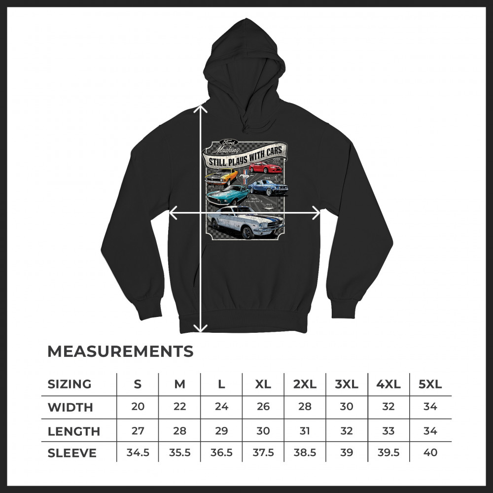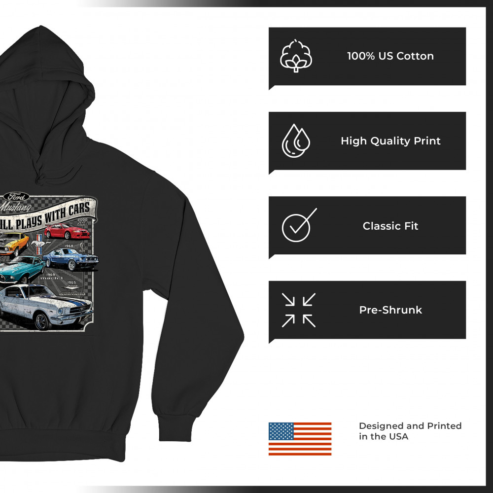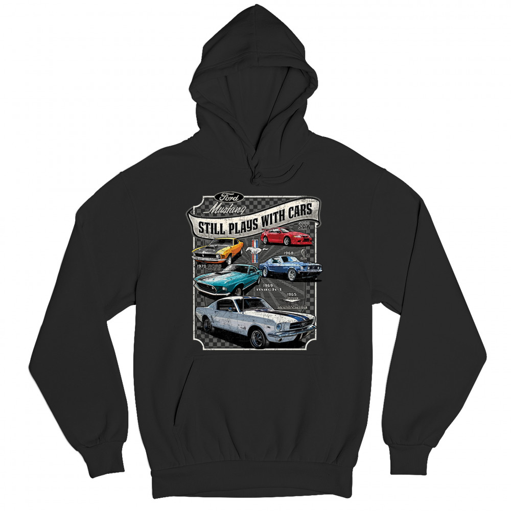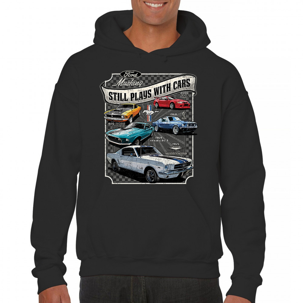 This bold Ford Mustang "Still Plays With Cars" design showcases six classic models from 1965 to 2000, including the 1969 Mach 1, 1970 Boss 302, and 2000 SVT. A dream graphic for muscle car lovers, collectors, and pony car fans. Great for classic auto shows, retro cruises, garage wear, or car clubs.
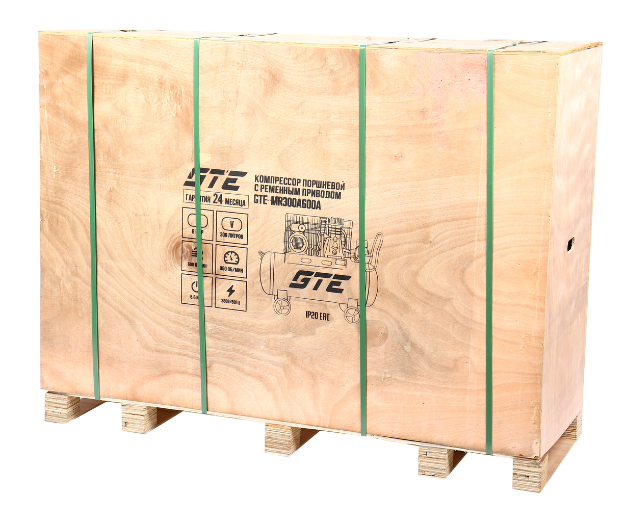 - Компрессор пневматический 380В 5.5кВт 8атм. 600л/мин. ресивер-300л поршн. ремен. одноступенчатый GTE GTE-MR300A600A
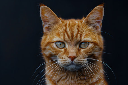 Detailed close-up of an orange tabby cat with striking blue eyes. the cat's expressive face and sharp features stand out against a dark background. ideal for use in pet-themed projects, posters, prints, and digital media. Generative AI
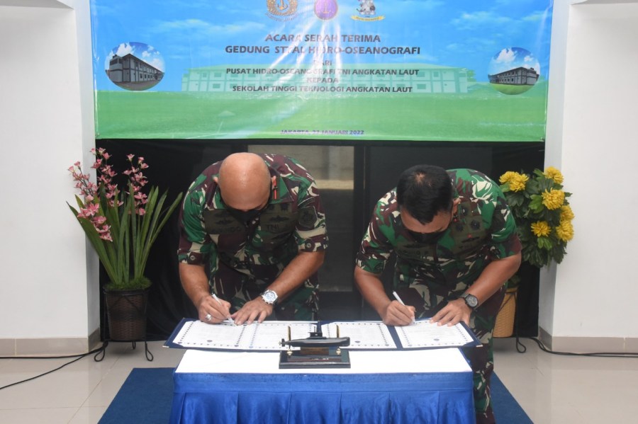 Komandan Pusat Hidro-Oseanografi TNI Angkatan Laut (Danpushidrosal) Laksamana Madya TNI Dr. Agung Prasetiawan, M.A.P., secara resmi menyerahkan Gedung Sekolah Tinggi Teknologi Angkatan Laut (STTAL) hidro-oseanografi kepada Komandan STTAL Laksamana Pertama TNI Dr. Ir. Avando Bastari, M.Phil di Sunter Kodamar Jakarta Utara, Kamis (27/01/2022)
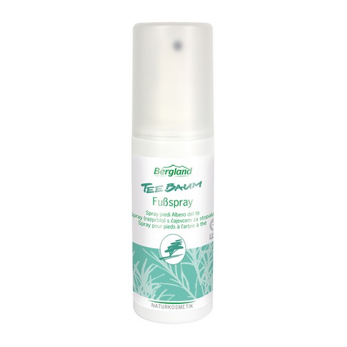 Das vegane Bergland Teebaum Fußspray mit naturreinem Teebaum-Öl, Bartflechten- und Rosmarin-Extrakt wirkt wohltuend bei müden und strapazierten Füßen. Es wirkt erfrischend bei Fußschweiß und Fußgeruch.
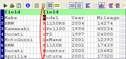 Stylus Studio displays a thin orange line that identifies the start of the newly defined field. To remove a field:
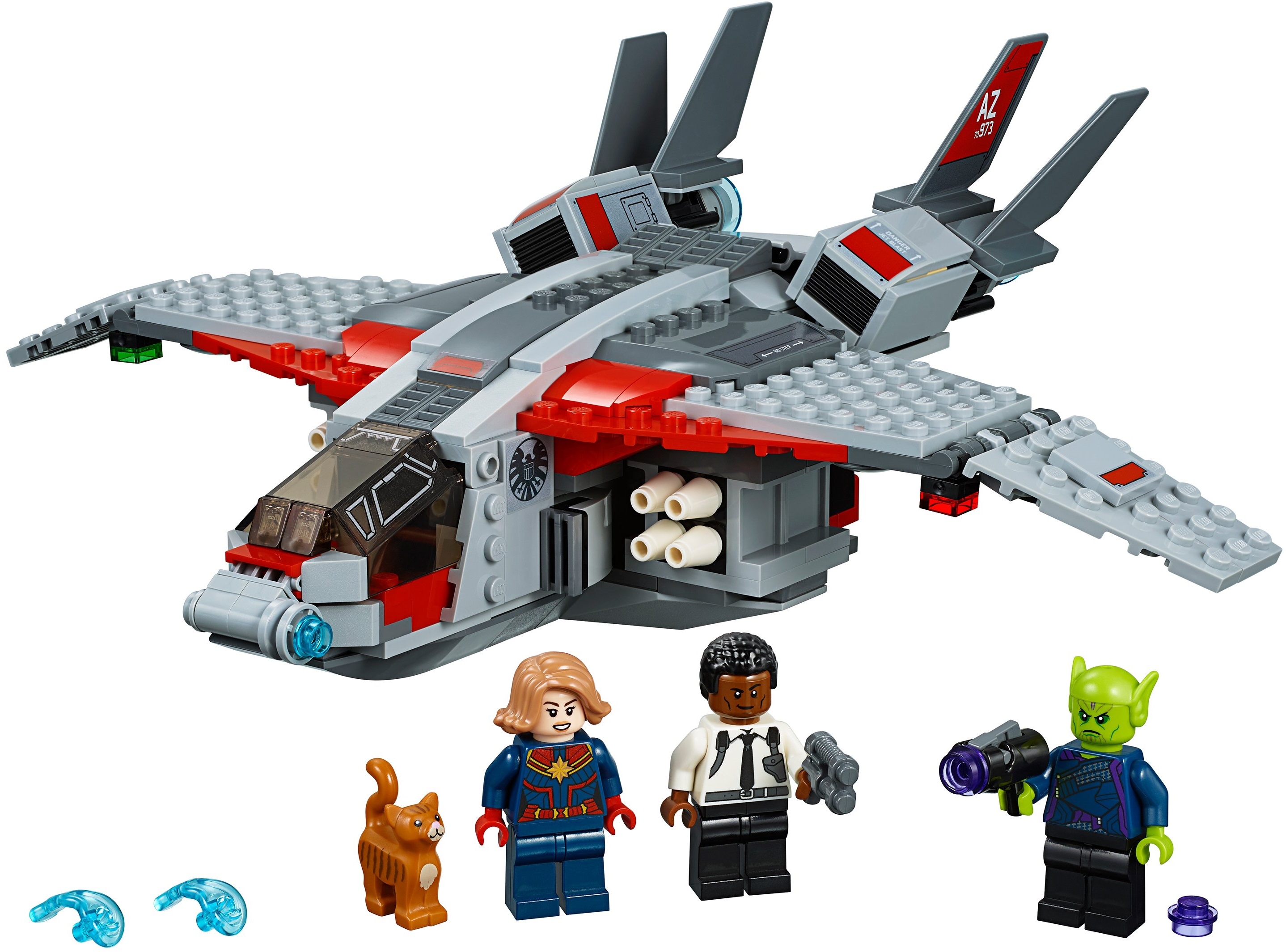 В конструктор lego Super Heroes 76127 вошли 3 минифигурки: Капитан Марвел, Ник Фьюри и скрулл Талос; а также фигурка кота-флеркина Гуси.
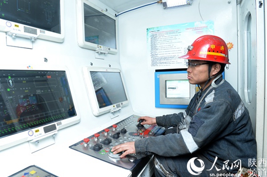 陜煤集團(tuán)黃陵礦業(yè)公司智能化無人綜采工作面,采煤工人在順槽監(jiān)控中心內(nèi)進(jìn)行遠(yuǎn)程采煤作業(yè)。
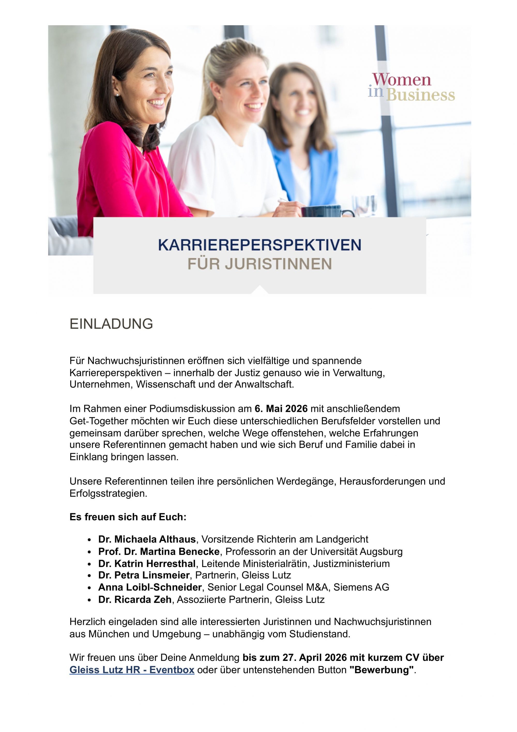 Women in Businessvon refvredaktionin Aktuelles & Veranstaltungenan Veröffentlicht am 10. April 2026 Anmeldungen sind ab sofort unter dem folgenden Link möglich: Women in Business FacebookShare on XLinkedInWhatsAppEmailCopy Link
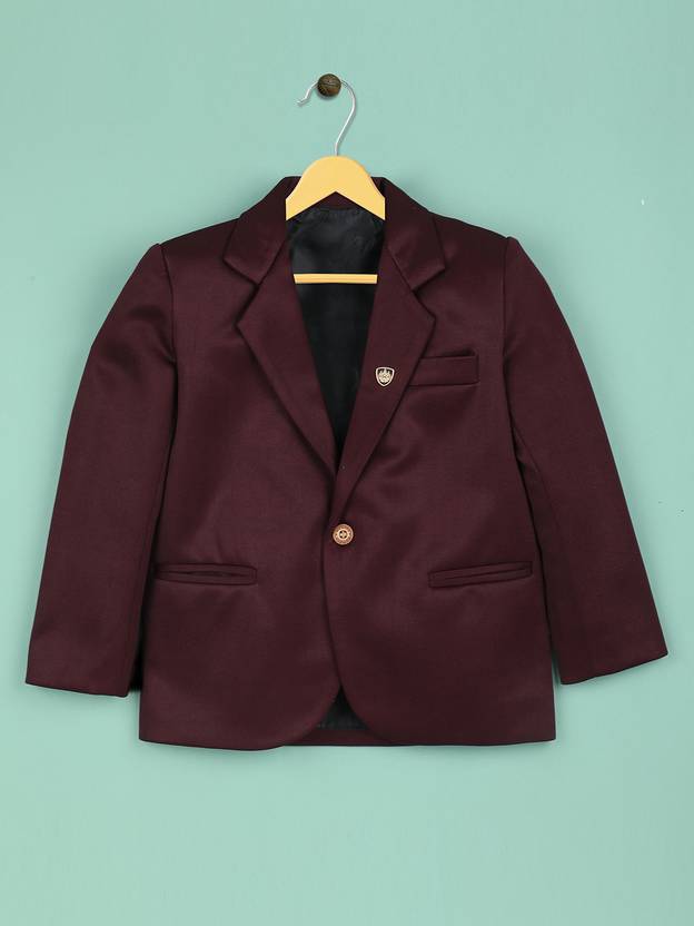 Ridokidz Solid Single Breasted Casual Boys Blazer (Maroon)
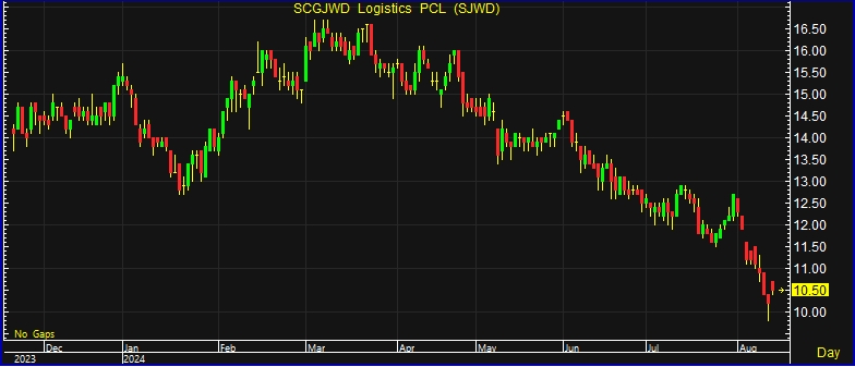 ผู้สื่อข่าวรายงาน บริษัท เอสซีจี เจดับเบิ้ลยูดี โลจิสติกส์ จำกัด (มหาชน) หรือ SJWD อยู่ที่ระดับ 10.50 บาท บวก 0.30 บาท หรือ 2.94% ราคาสูงสุด 10.70 บาท และราคาต่ำสุด 10.40 บาท ด้วยมูลค่าการซื้อขาย 9.56 บาท
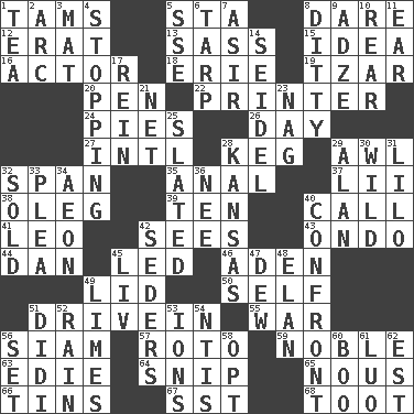 ACROSS 1. Scottish caps 5. R.R. building 8. Have the gumption 12. Part of Q.E.F. 13. Backtalk 15. The content of cognition 16. Thespian 18. 4th largest of the Great Lakes 19. Russian ruler 20. Fenced enclosure 22. Hard copy producer 24. Sliced desserts 26. 24 hours 27. International (abbr.) 28. Barrel 29. Leather borer 32. Connect, as a bridge 35. Of or related to the anus 37. Cards in a Roman deck? 38. Cassini of fashion 39. "___ Little Indians" 40. Give a ring to 41. Lion 42. Perceives with the eye 43. Southwest Nigerian state 44. One of the 12 tribes of Israel 45. Directed 46. Arabian gulf 49. Flaplike covering 50. Oneself 51. Popular '50s hangout 55. Armed conflict 56. Thailand, formerly 57. Printing process, for short 59. Impressive in appearance 63. Singer Brickell 64. Sever or remove by pinching or nipping 65. Common sense 66. Metal containers 67. Fast jet (abbr.) 68. A blast of a horn DOWN 1. Beverage made from leaves 2. Curve 3. Floor protector 4. Ceasing 5. Compass dir. 6. Canvas cover 7. SW Saudi Arabia district 8. Simple song 9. Edge tool used to cut and shape wood 10. Stern 11. Hearing organ 14. Beer mug 17. It's straight from the horse's mouth 21. Fish or hair follower 23. Tired old horse 25. Scheduled 28. Sunflower state 29. ____ Jay Lerner 30. Uncontrolled 31. _ and Stitch 32. Exchanged or delivered for money 33. Entreaty 34. Period of immesurable duration 36. Born 40. Meet 42. Spring feasts 45. 54 in ancient Rome 47. Morning condensation 48. Style 49. Citrus fruits 51. "You Light Up My Life" star Conn 52. Precipitation 53. Charged atoms 54. Nuclear Threat Initiatives 56. Put into a specified state 58. Elect 60. Sometimes accompanies a hiss 61. Nilotic language 62. Eastern Standard Time (abbr.)
........
=== PROBLEM TO SOLVE ===
What you return from the records above should be exactly everything from the line with "Ridokidz Solid Single" down to the line with "ผู้สื่อข่าวรายงาน บริษัท เอสซีจี", both kept, and no pictures.

=== RESULT ===
 Ridokidz Solid Single Breasted Casual Boys Blazer (Maroon)
 ผู้สื่อข่าวรายงาน บริษัท เอสซีจี เจดับเบิ้ลยูดี โลจิสติกส์ จำกัด (มหาชน) หรือ SJWD อยู่ที่ระดับ 10.50 บาท บวก 0.30 บาท หรือ 2.94% ราคาสูงสุด 10.70 บาท และราคาต่ำสุด 10.40 บาท ด้วยมูลค่าการซื้อขาย 9.56 บาท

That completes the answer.